3. Fix Vulnerabilities

IT teams can benefit from a patch management system to fix vulnerabilities and keep them from creating a larger issue. This system saves man-hours by removing the task of manually determining which issues need a patch.

The Cloud

Cloud security is used by 75% of credit unions. The protocol of cloud security compared with traditional methods is virtually the same.

Involve Your Members

Keeping your members educated about their overall cybersecurity can help decrease cyber-attacks and even fraud. Over 80% of hacking-related breaches are due to weak or stolen passwords.

Simply adding password requirements to member accounts like character length, a mixture of both lowercase and uppercase letters, numbers, and special characters will help protect sensitive member information. You can also add multi-factor authentication as an additional layer of online protection.

ADA

Website and mobile apps should be secure, and also follow the Americans with Disabilities Act (ADA) guidelines.
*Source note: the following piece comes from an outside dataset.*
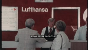 Two men in suits get their plane tickets at an American Airlines ticket-dispensing machine called "transAAction." Once they have their tickets, they quickly walk off, perhaps to their boarding gate. Wide shot of an American Airlines plane lifting off.

Choose a web developer or ADA agency to audit your site to ensure that you are compliant on all devices including desktops, tablets, and mobile phones. They can also check to see if your site is accessible through text readers and audio scanners.

Post-Coronavirus World

As credit unions have catered to their members during coronavirus in the form of pandemic-specific products and processes, this new way of doing business has opened up a whole new set of regulatory changes and compliance issues.

New trends, such as digital notary signings, have changed the way credit unions complete the loan process. CUs also had to put a priority on the government-issued SBA Paycheck Protection Program to fully serve its members struggling to fund their small businesses during the pandemic. With the increase in remote member transactions, it’s important to protect members against fraud not only during the coronavirus but post COVID-19 as well.

The silver lining from coronavirus is the opportunity to test remote work among credit union employees and digital products and services for CU members. As credit unions set future risks, goals, and marketing strategies, compliance is at the forefront of success. All of these changes required swift compliance action from training, to sensitive advertising content, as well as reforming loan processes.

As the global pandemic continues to shape member preferences toward digital, it’s a great time for CUs to re-think strategies regarding member engagement and how that affects their brick and mortar world.

Avoid excess anxiety about compliance by networking with other CUs, taking advantage of free resources, and investing in online tools that will keep your CU compliant and your members’ information secure.